## Task item
Exactly as written, output the lines below starting from the first and ending with the line that contains "Taufkerze mit einer"; omit pictures.

## Entries shown
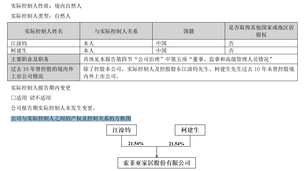 据披露,江淦钧、柯建生两人关系良好,志向相投,其在90年代开始一直保持合作关系并共同创业,2003年共同设立索菲亚前身宁基有限,一直各司其职,持股比例高度一致。
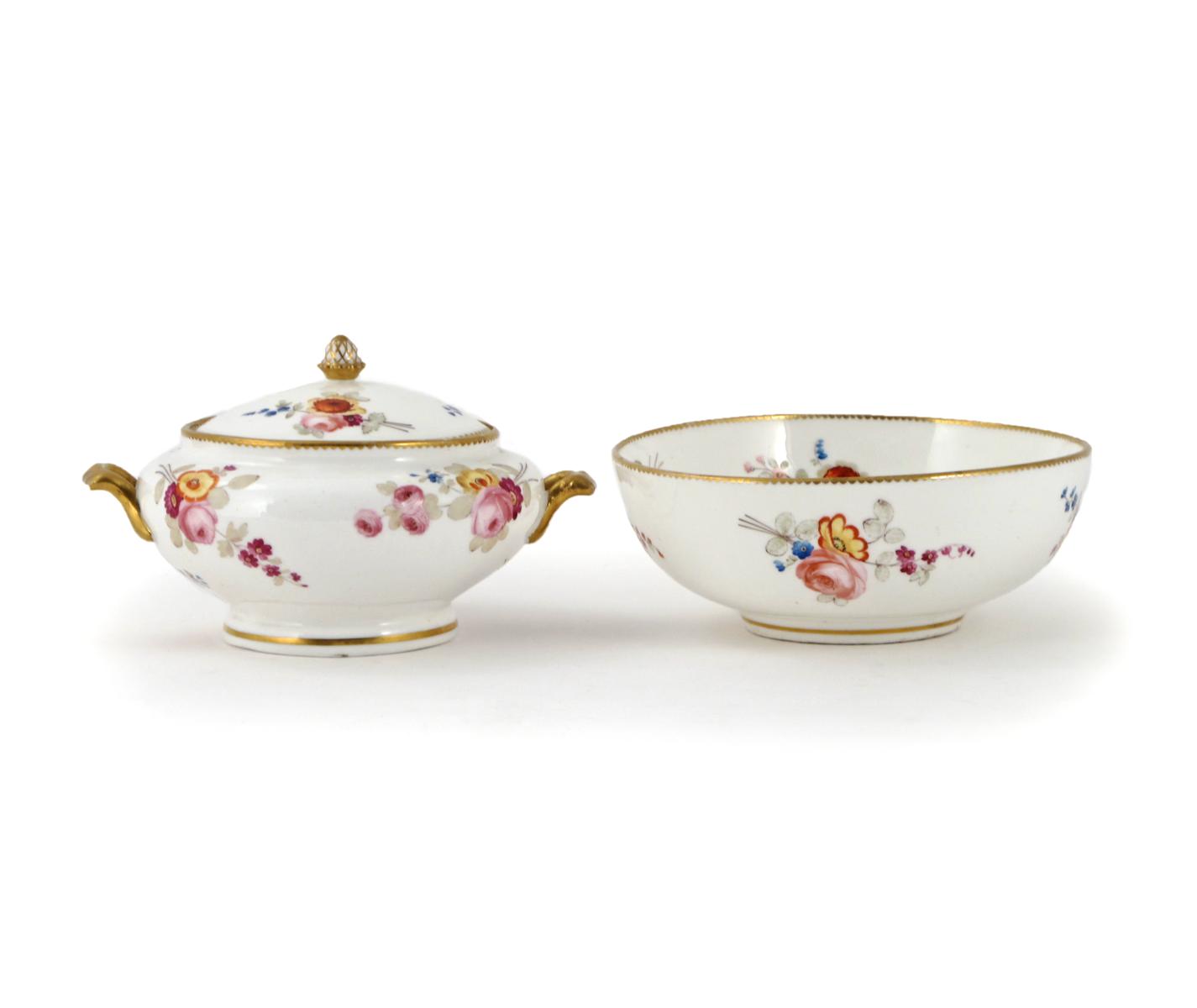A Nantgarw sucrièr and cover and a slop bowl c.1818-20, the sucrièr of compressed circular shape with twin handles and a pineapple finial, probably Welsh-decorated with simple floral sprays within gilt dentil rims, the slop bowl with identical decoration, 18.5cm max. (3)
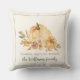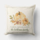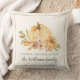 Calabazas florales de acuarela de otoño con la frase "agradecido. agradecido. bendecido." que es editable. La almohada puede ser personalizada con un nombre/familia en un guión en un verde grisáceo oscuro. El mismo gráfico en ambos lados de la almohada.
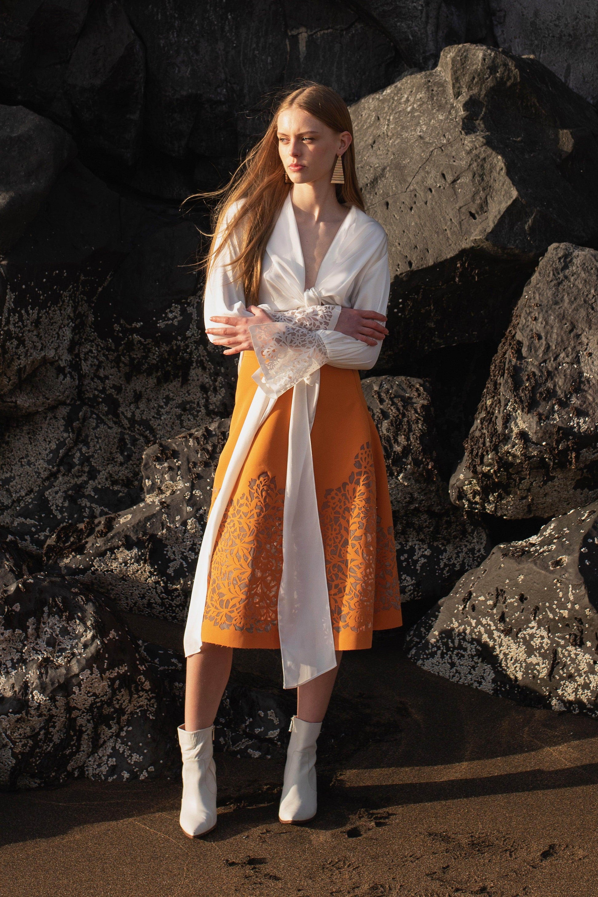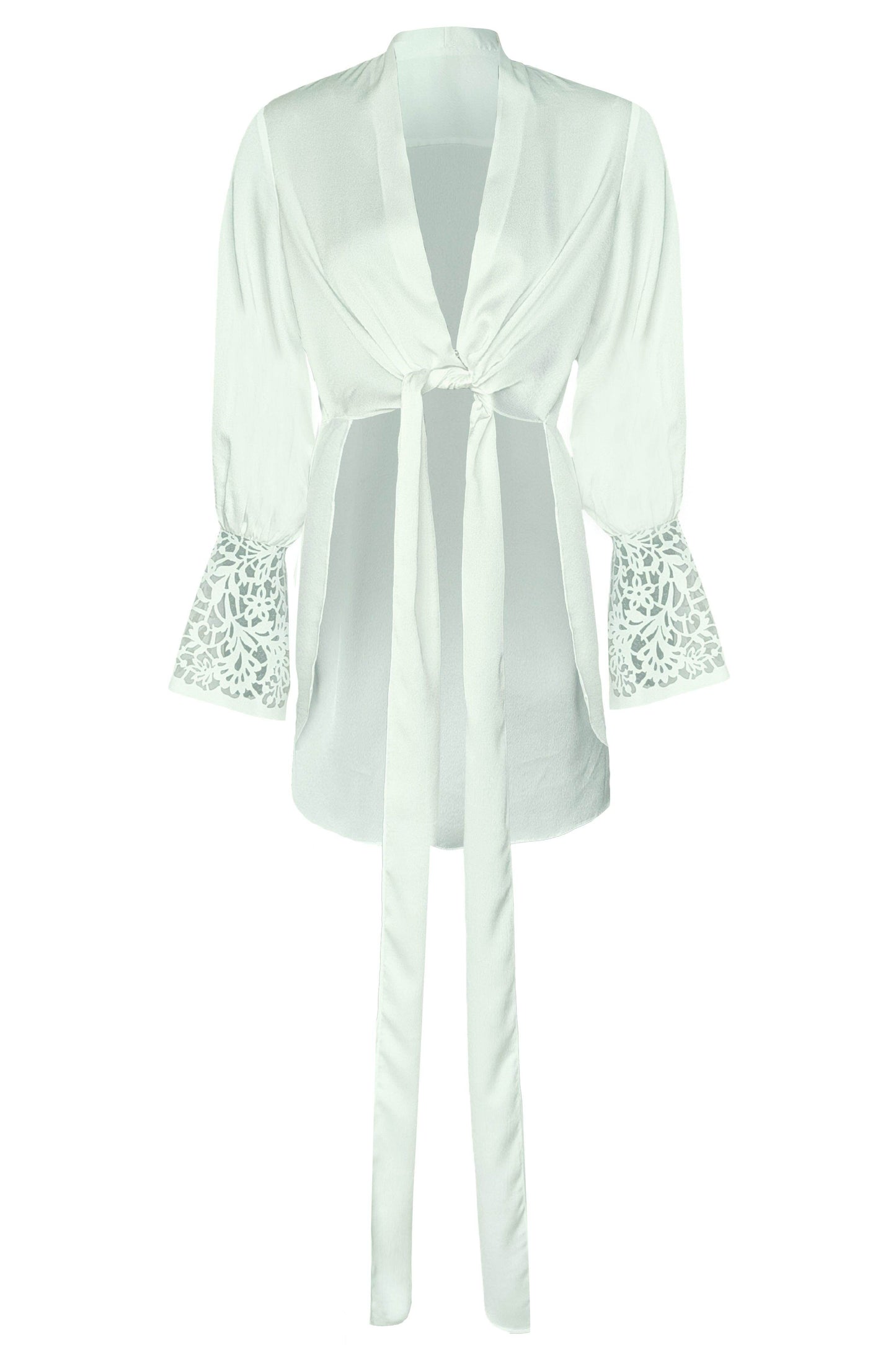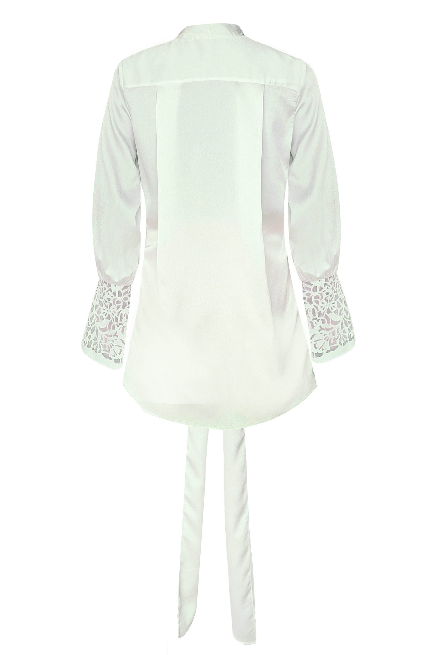 Ivory textured crape top with dramatic cutwork details placed on exaggerated sleeve cuffs. Front knot detail, with a low shirt hem in the back. Bishop sleeves with soft gathering at the cuff. V-neck and snap buttons in the front which are concealed by the knotted bow. The back has a box pleat to add volume and ease.
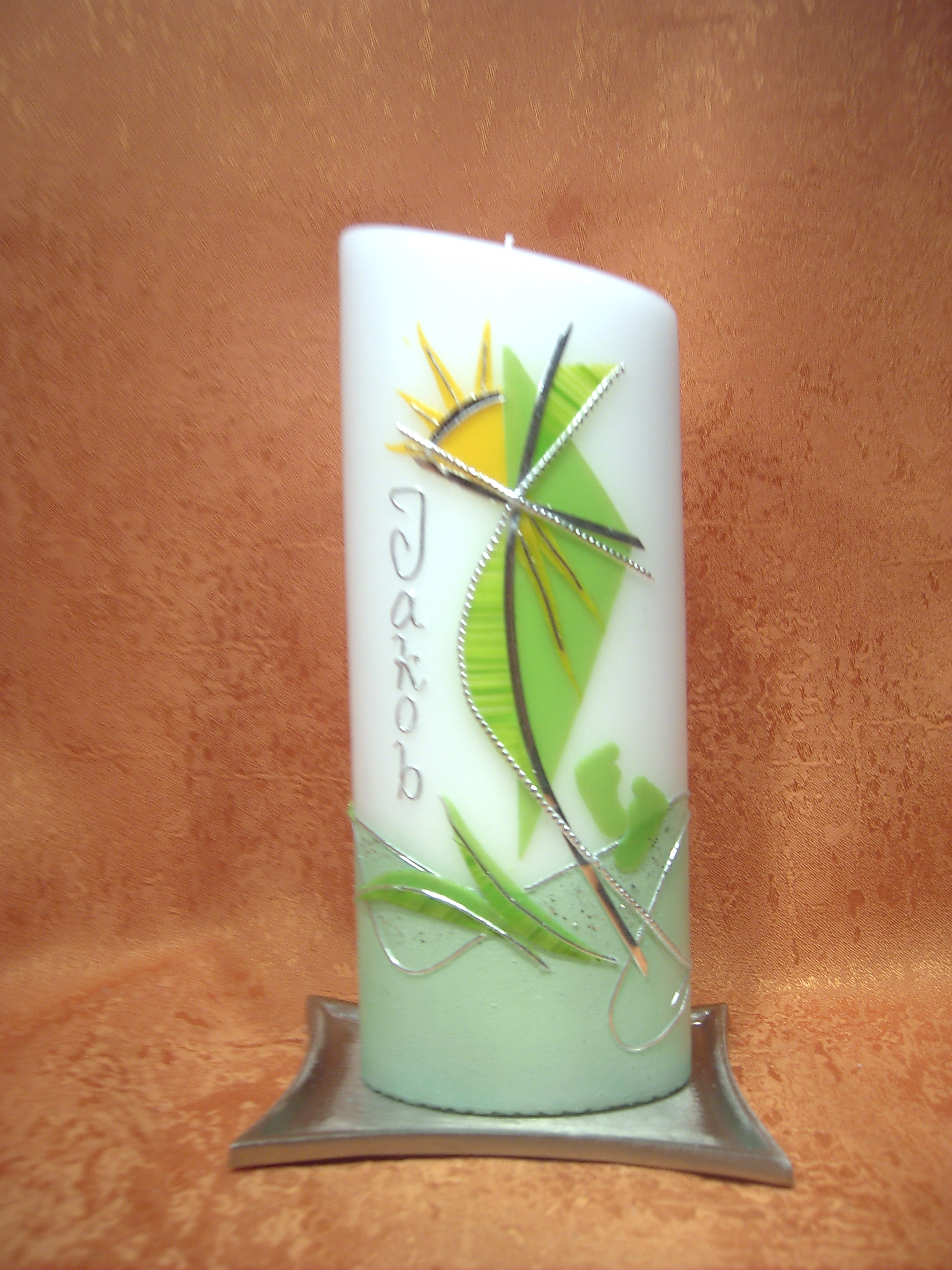 Taufkerze mit einer grüne Wachs Bemalung passend zu dem modernen Kreuz in den Farben gelbgrün und grün-gestreift abgesetzt mit zwei Silber Wachsstreifen hervorgehoben auf der linken Seite vom Kreuz strahlt die Sonne unten zwei Füßchen und Wellen auf der Rückseite Fußspuren.
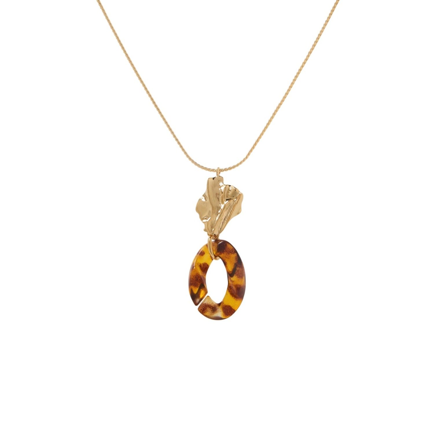 This necklace is crafted from gold vermeil with a gold-plated chain and a tortoiseshell-inspired pendant. The chain is delicate and features a gold-toned accent.
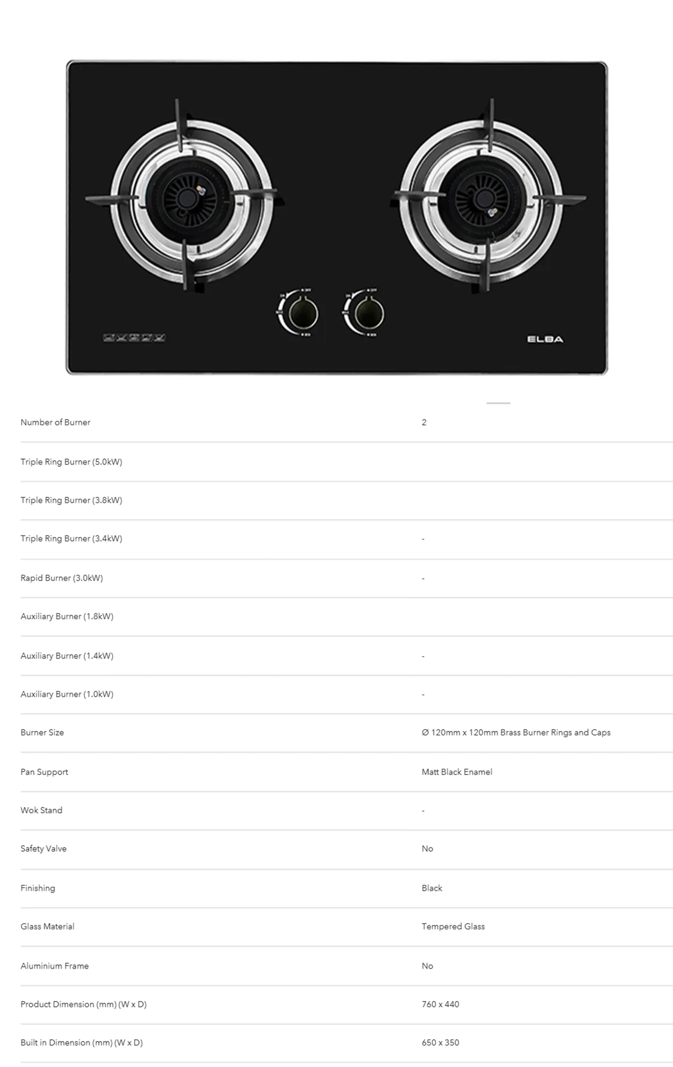 ELBA 2 Burners Glass Stove EGH-M8442G(BK) – High Quality Tempered Glass, Black (4.8kW)
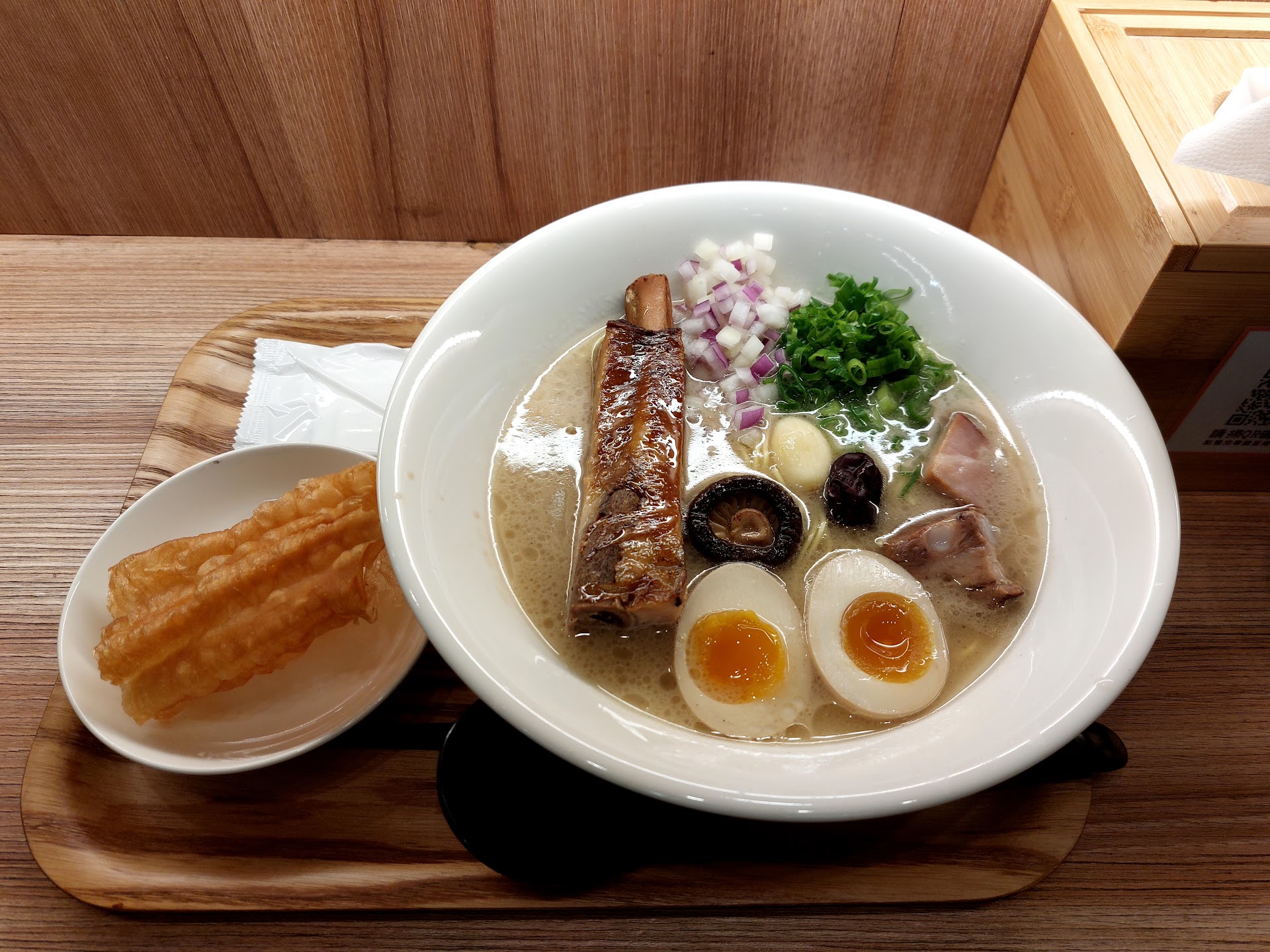 初訪的我點了白湯大蒜 1.0 五花硬麵重鹹,溏心蛋不錯,湯頭大蒜味濃郁很爽,第一次看到五花肉這樣小小薄片處理,好吃!
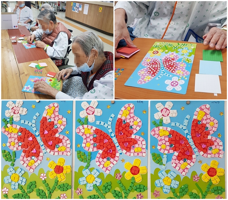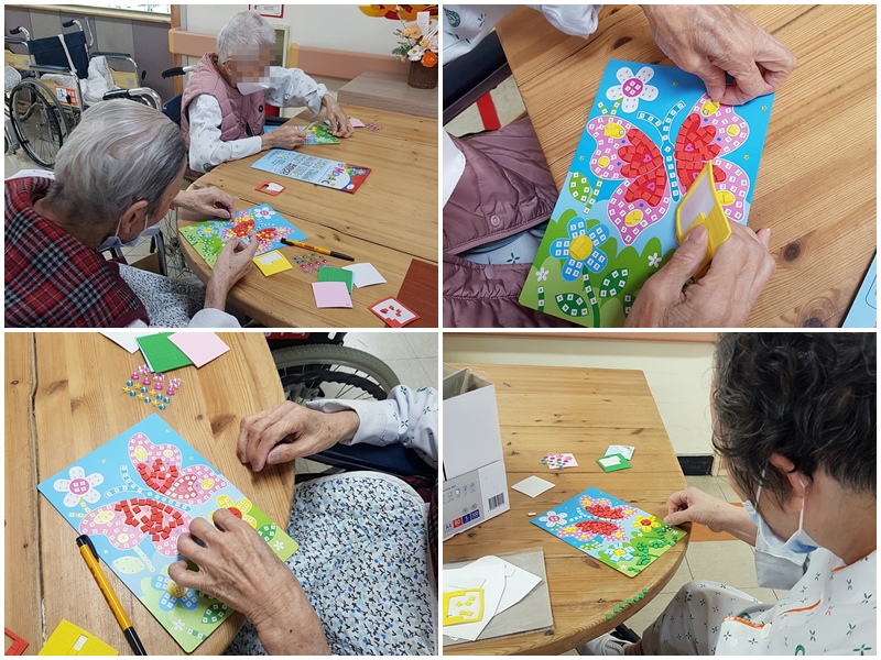 10월 11일과 12일에는 미술요법시간으로 모자이크 작품을 만들어보았습니다.
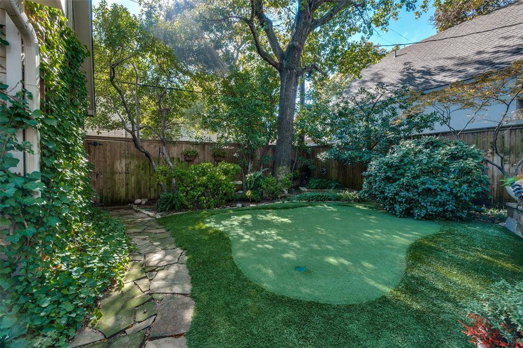 Step outside to discover a beautifully landscaped private backyard, complete with lush turf and a putting green. An outdoor seating area is perfect for gatherings, featuring a built-in grill and fireplace, all sheltered by a new pergola, creating an oasis for relaxation and enjoyment.
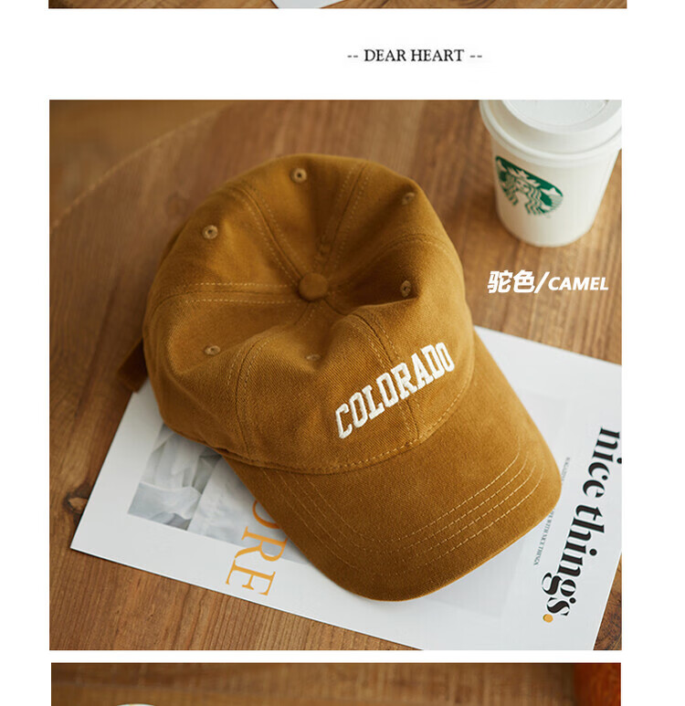 Four seasons sun protection peaked hat for men and women, deepened and widened to show face, small soft top hat, Korean style trendy baseball cap, khaki color, one size fits all (-cm), adjustable head circumference
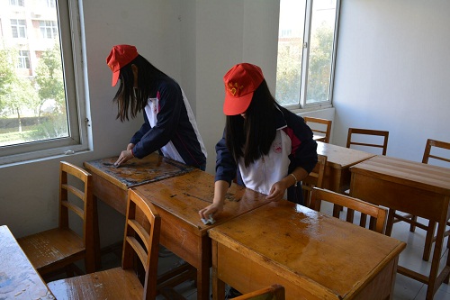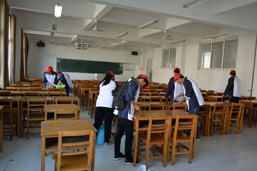 活动中,志愿者们先用水打湿桌面上的小广告,然后用铲子细心清理,小心翼翼,在保证清除小广告的同时,防止刮花课桌。随后,志愿者们将课桌抽屉里的垃圾倾倒出来与地上垃圾一并扫掉,保证了课桌内部及地面卫。并整理了讲台,擦拭干净黑板。经过近两个小时的努力。小广告不复存在,垃圾回归垃圾桶,桌椅整齐摆放,所有教室焕然一新。
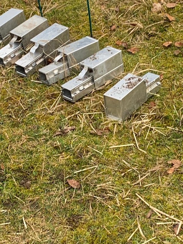 Traps from the previous day were collected, those that had the door triggered were carefully picked up, carried from the top as to avoid any urine or anything from getting on your hands if it seeps out. The triggered traps were placed in a line in the order of which they were placed, this meant we would have a clear idea of where to release the animals so to not place them in the wrong territory. Traps were placed slightly downhill again. When emptying the traps we would place them facing downward door first, release mechanism can be seen in the picture, the tunnel part of the trap would drop and the hope was the bedding the main part of the trap would follow with a possible animal if they did not come out straight away the base would be carefully shaken or tapped.

## Final answer
 据披露,江淦钧、柯建生两人关系良好,志向相投,其在90年代开始一直保持合作关系并共同创业,2003年共同设立索菲亚前身宁基有限,一直各司其职,持股比例高度一致。
A Nantgarw sucrièr and cover and a slop bowl c.1818-20, the sucrièr of compressed circular shape with twin handles and a pineapple finial, probably Welsh-decorated with simple floral sprays within gilt dentil rims, the slop bowl with identical decoration, 18.5cm max. (3)
 Calabazas florales de acuarela de otoño con la frase "agradecido. agradecido. bendecido." que es editable. La almohada puede ser personalizada con un nombre/familia en un guión en un verde grisáceo oscuro. El mismo gráfico en ambos lados de la almohada.
 Ivory textured crape top with dramatic cutwork details placed on exaggerated sleeve cuffs. Front knot detail, with a low shirt hem in the back. Bishop sleeves with soft gathering at the cuff. V-neck and snap buttons in the front which are concealed by the knotted bow. The back has a box pleat to add volume and ease.
 Taufkerze mit einer grüne Wachs Bemalung passend zu dem modernen Kreuz in den Farben gelbgrün und grün-gestreift abgesetzt mit zwei Silber Wachsstreifen hervorgehoben auf der linken Seite vom Kreuz strahlt die Sonne unten zwei Füßchen und Wellen auf der Rückseite Fußspuren.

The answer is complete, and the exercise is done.